Tags: #Fiction, #General

I Heart Christmas (17 page)

Louisa stared back at me, a challenge in her eyes that I knew well. When you’d been bickering with someone for the best part of thirty years, you got to know their ‘you’re not the boss of me’ expression. But I wasn’t backing down. Instead, I countered with my hands stuck to my hips, lips pursed and eyebrows raised. Rather than say anything, Lou raised the cigarette to her lips and took a drag. She then erupted into an epic coughing fit and threw the cigarette onto the floor while she doubled over. I stamped out the amber tip and placed a hand on her back, rubbing gently and shaking my head. The other smokers looked over for a moment before deciding they were far more interesting than us and turning back to their conversation.

‘Nicely done,’ I commented once Lou had her breath back. ‘Very sexy. You should definitely take up smoking as your new hobby.’

‘Oh, piss off,’ she replied, catching her breath. ‘That tastes like shit. Why do people do it?’

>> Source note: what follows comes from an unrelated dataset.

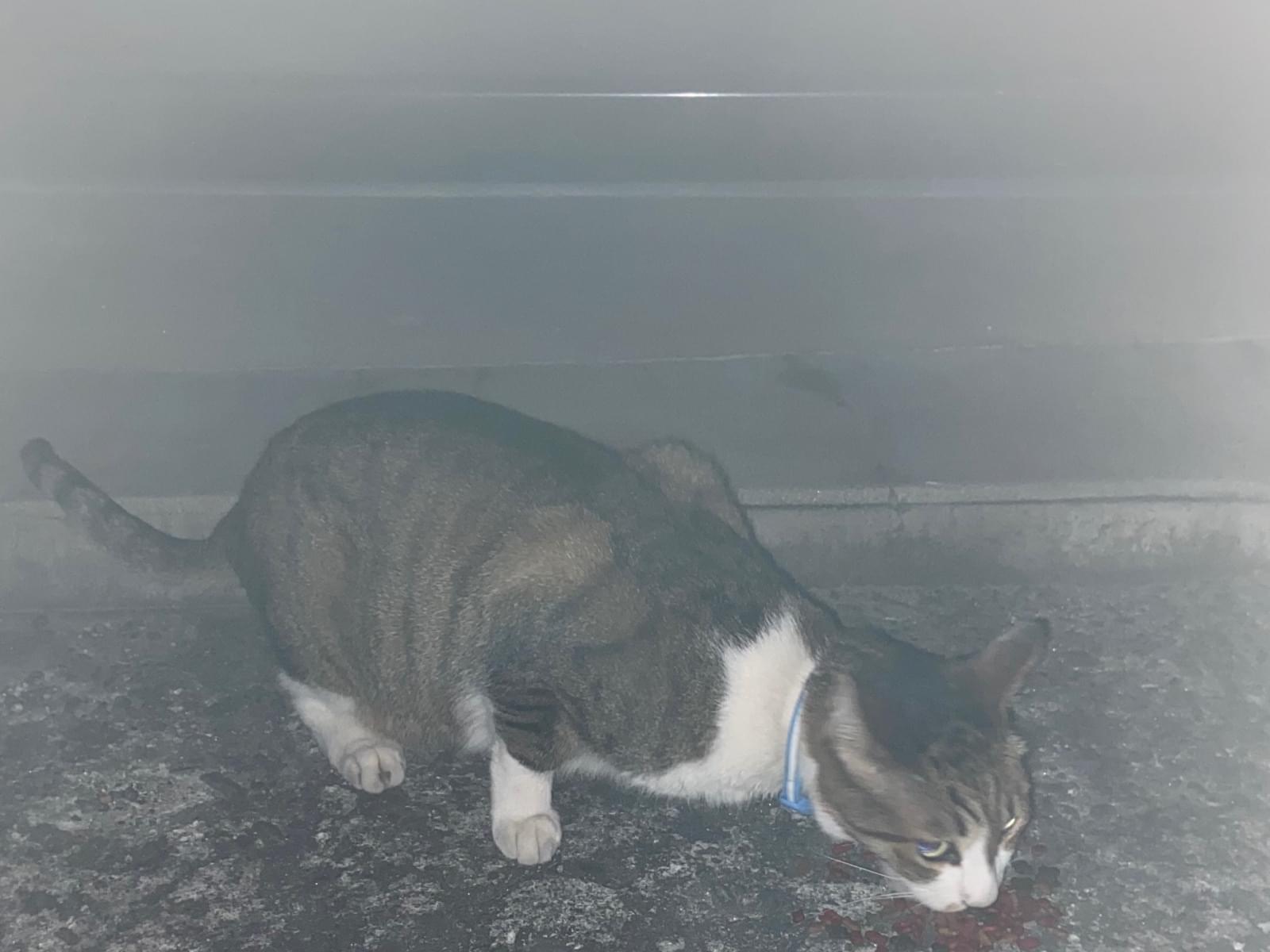水色か青色の首輪している サバシロ?サバトラ?柄

‘Why don’t I go and get us a drink and you can sit there and think about the answer to that question?’ I suggested. ‘You silly cow.’

A couple of minutes later, I was back with two glasses and a bottle of champagne. I really couldn’t cope going up and down in these shoes and there was no way I was taking them off outside – patio heaters or no patio heaters, it was still bloody December.

‘Before you start,’ Louisa said, holding out her glass as I filled it up to the brim. ‘I wasn’t doing anything, I was just talking to him. And I took my rings off because I didn’t want to spend the night explaining to people why my husband isn’t here.’

‘Couldn’t you just lie?’ I asked, topping off my own glass.

‘Ooh, that sounds like fun,’ she replied with a stern look.

‘Fair enough. I’ll give you that this isn’t an ideal situation.’

She sipped her champagne, shaking her head.

‘But you are going to have to deal with it sooner or later.’

Louisa sighed, looked up at the sky, an inky black smudged with hazy greys and yellows from the nearby skyscrapers of downtown.

‘Can it be later?’ she asked. ‘Or at least tomorrow?’

I looked at my friend and saw the sadness in her eyes. She looked frustrated and tired.

‘I just don’t know what to do,’ she whispered.

‘I don’t think any of us do,’ I replied. ‘Ever.’

‘In that case,’ she raised her glass and took a deep breath, pasting a smile on her face, ‘there’s only one thing to do. Cheers.’

‘Cheers,’ I replied with a smile. ‘And merry Christmas.’

‘Merry Christmas,’ she said with a grin. ‘Let’s show these people how we do a party.’

It was difficult to say exactly how or when the party stopped being a civilised get-together and became a sixth form piss-up of epic proportions but I do know things escalated very quickly. One minute the main reception room was full of grown-ups talking about their holiday plans, their 401ks and assorted other topics I couldn’t even start to follow. The next, Jenny had stormed the liquor cabinet and was playing shot girl, encouraging the head of mergers and acquisitions at Merryll Lynch to do a body show from the coffee table and Louisa had found the stereo, replacing the delightful Bing Crosby CD with
Now That’s What I Call Christmas
. Most importantly, after two shots of tequila, my feet didn’t hurt anymore and that was in itself a Christmas miracle. Douchenozzle took a shot and started the dancing, tossing his tie across the room and even Sadie stood on the side of the makeshift dance floor and swung her hips moodily, entirely out of time with the music. I figured it wasn’t her fault. She hadn’t grown up listening to Noddy Holder screaming ‘It’s Christmas!’, she didn’t understand.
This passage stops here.